■ RECORDS SHOWN ■
===============

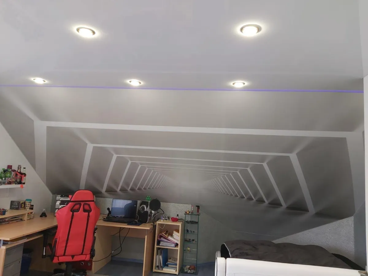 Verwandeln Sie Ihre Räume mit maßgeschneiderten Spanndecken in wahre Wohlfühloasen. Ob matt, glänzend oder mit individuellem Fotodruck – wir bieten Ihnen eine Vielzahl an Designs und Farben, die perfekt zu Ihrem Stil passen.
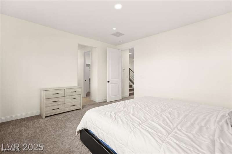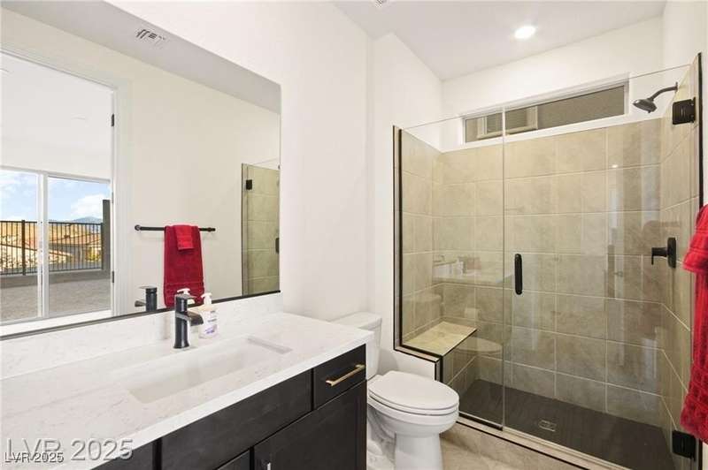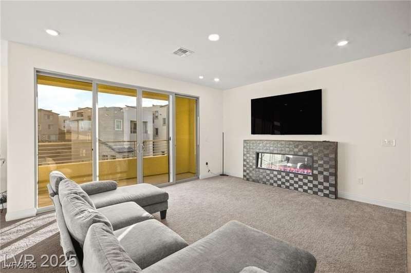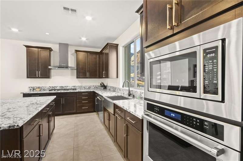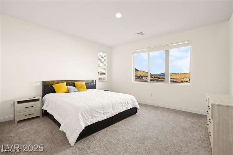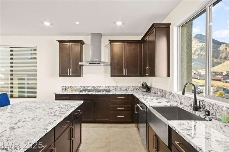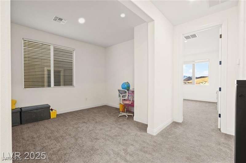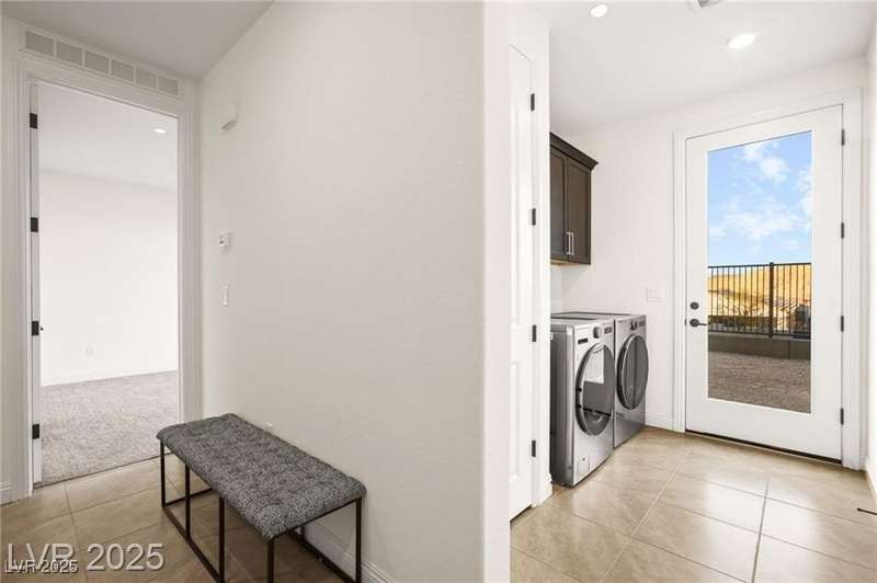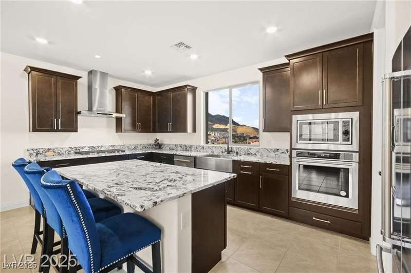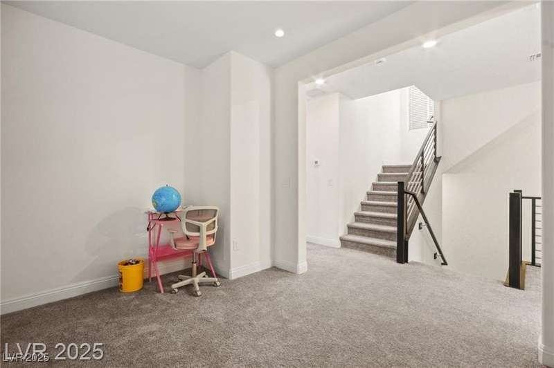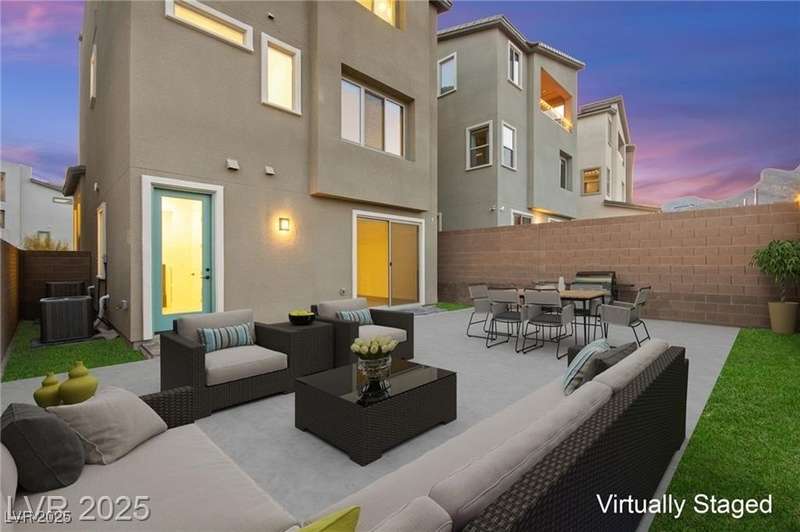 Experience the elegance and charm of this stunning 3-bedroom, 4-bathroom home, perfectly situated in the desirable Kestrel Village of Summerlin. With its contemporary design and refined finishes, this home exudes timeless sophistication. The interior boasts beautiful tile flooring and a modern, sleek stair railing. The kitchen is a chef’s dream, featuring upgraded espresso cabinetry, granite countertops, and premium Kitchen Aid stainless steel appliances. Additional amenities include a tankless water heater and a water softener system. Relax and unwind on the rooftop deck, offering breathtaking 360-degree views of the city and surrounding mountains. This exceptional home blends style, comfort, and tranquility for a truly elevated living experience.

===============

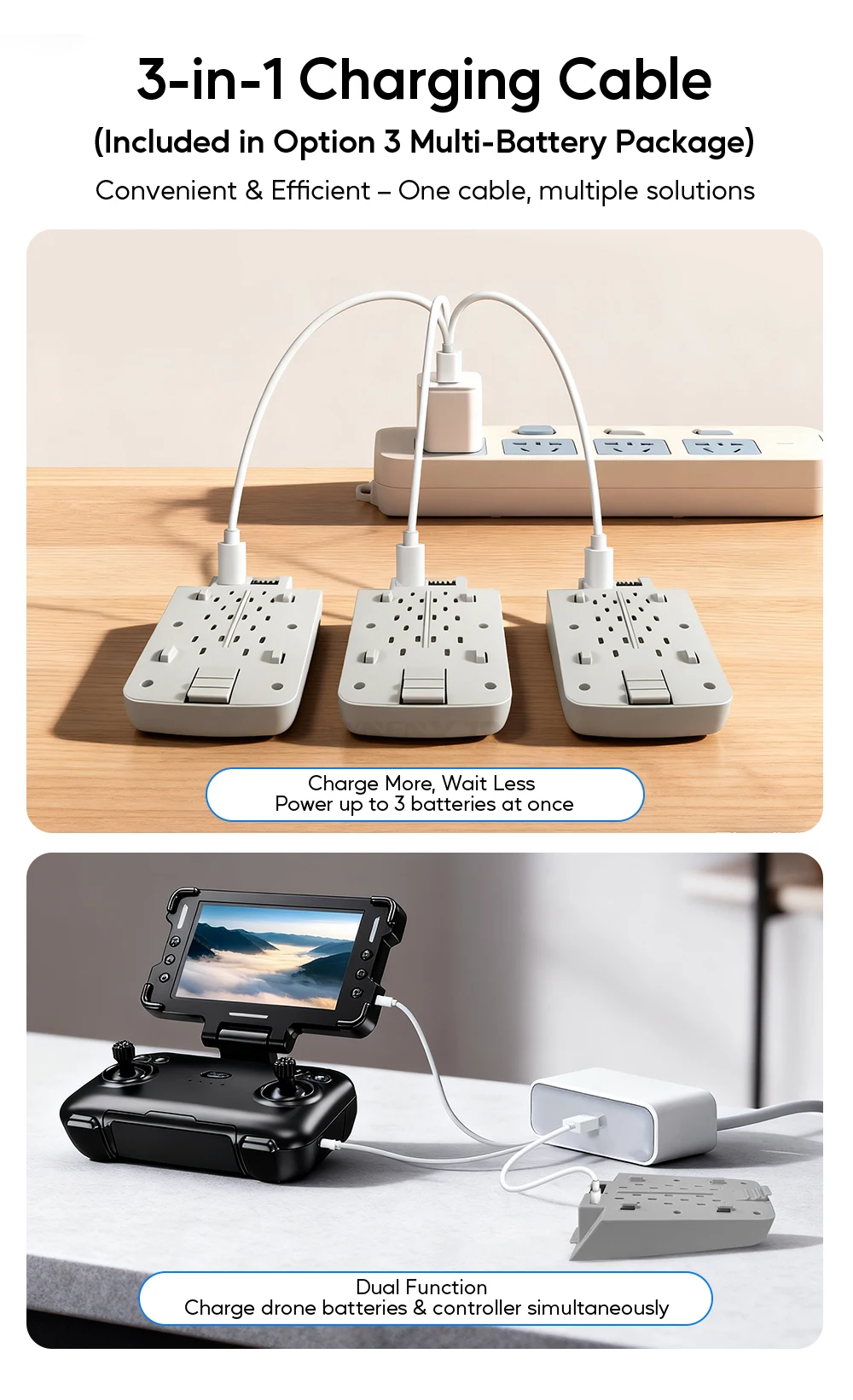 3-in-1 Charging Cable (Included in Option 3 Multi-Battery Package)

===============

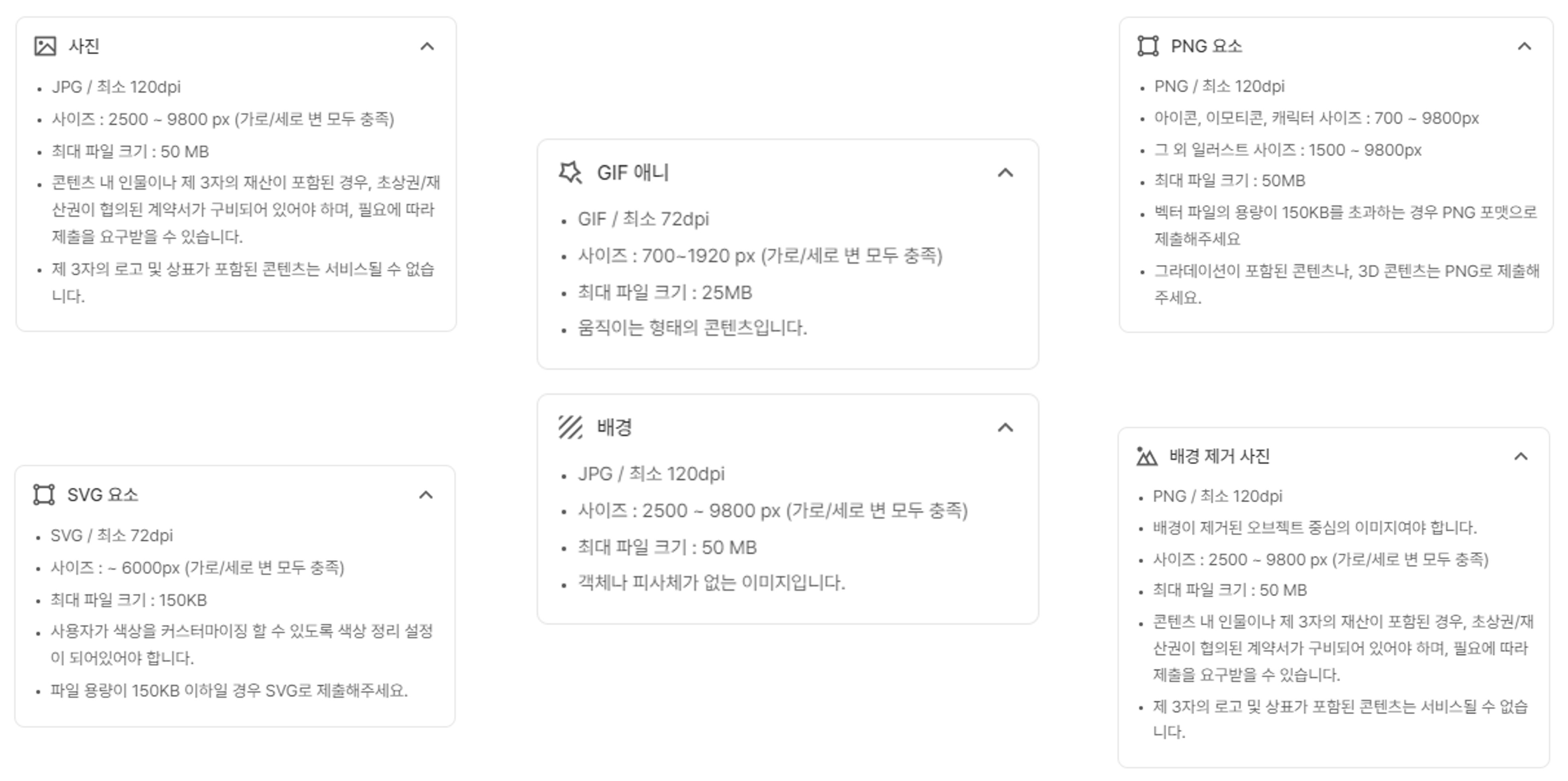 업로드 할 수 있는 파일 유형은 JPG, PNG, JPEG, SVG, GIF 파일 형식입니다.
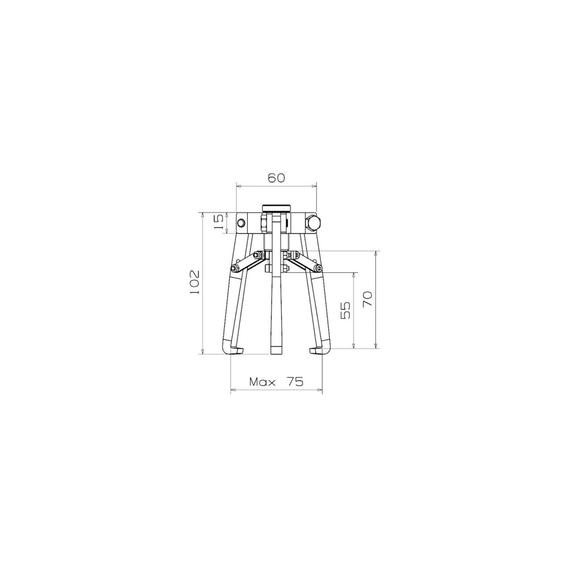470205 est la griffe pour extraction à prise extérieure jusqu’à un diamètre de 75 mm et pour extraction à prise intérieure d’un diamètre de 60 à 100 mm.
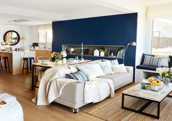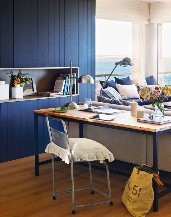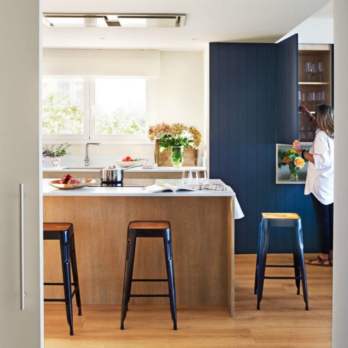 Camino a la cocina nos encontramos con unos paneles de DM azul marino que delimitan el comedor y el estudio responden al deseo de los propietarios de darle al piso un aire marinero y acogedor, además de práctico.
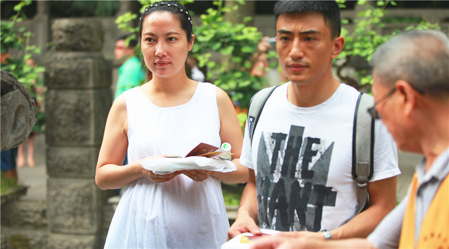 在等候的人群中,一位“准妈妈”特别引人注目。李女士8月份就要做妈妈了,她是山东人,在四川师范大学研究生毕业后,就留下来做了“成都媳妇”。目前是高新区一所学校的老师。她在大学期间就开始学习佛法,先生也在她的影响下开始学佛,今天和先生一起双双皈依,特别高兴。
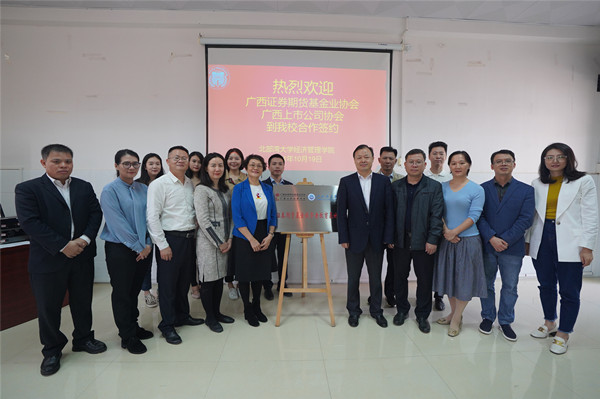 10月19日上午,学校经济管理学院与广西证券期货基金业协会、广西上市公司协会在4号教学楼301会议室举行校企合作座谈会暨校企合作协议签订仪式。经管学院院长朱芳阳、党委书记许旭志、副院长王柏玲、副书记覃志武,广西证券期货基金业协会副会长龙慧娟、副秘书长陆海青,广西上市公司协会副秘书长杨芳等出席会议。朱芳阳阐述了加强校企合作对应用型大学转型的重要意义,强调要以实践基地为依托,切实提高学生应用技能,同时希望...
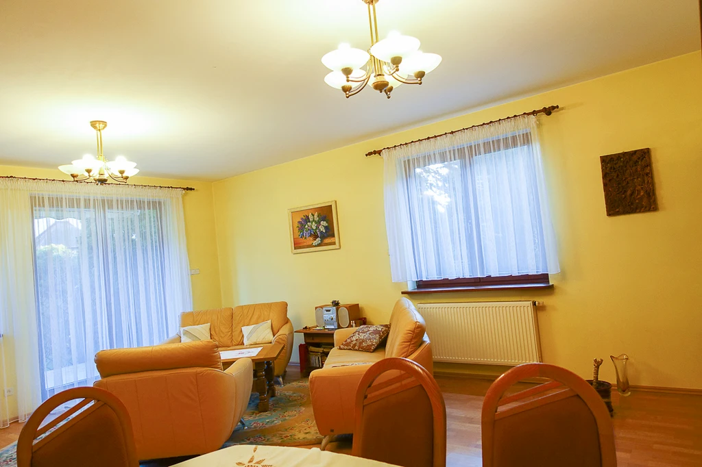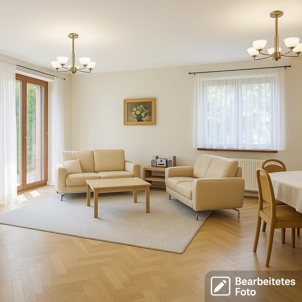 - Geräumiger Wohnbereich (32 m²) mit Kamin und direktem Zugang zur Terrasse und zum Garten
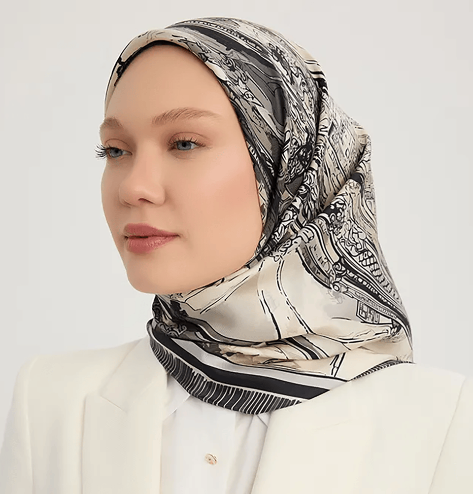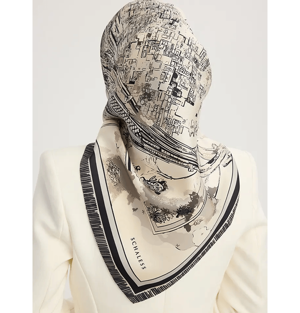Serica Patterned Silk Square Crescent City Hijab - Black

===============

■ WHAT TO WORK ON ■
Within the material above, only the stretch from the line holding "업로드 할 수 있는 파일" through the line holding "470205 est la" is to be restated exactly. Pictures are dropped.

■ RESPONSE TO THIS TASK ■
 업로드 할 수 있는 파일 유형은 JPG, PNG, JPEG, SVG, GIF 파일 형식입니다.
470205 est la griffe pour extraction à prise extérieure jusqu’à un diamètre de 75 mm et pour extraction à prise intérieure d’un diamètre de 60 à 100 mm.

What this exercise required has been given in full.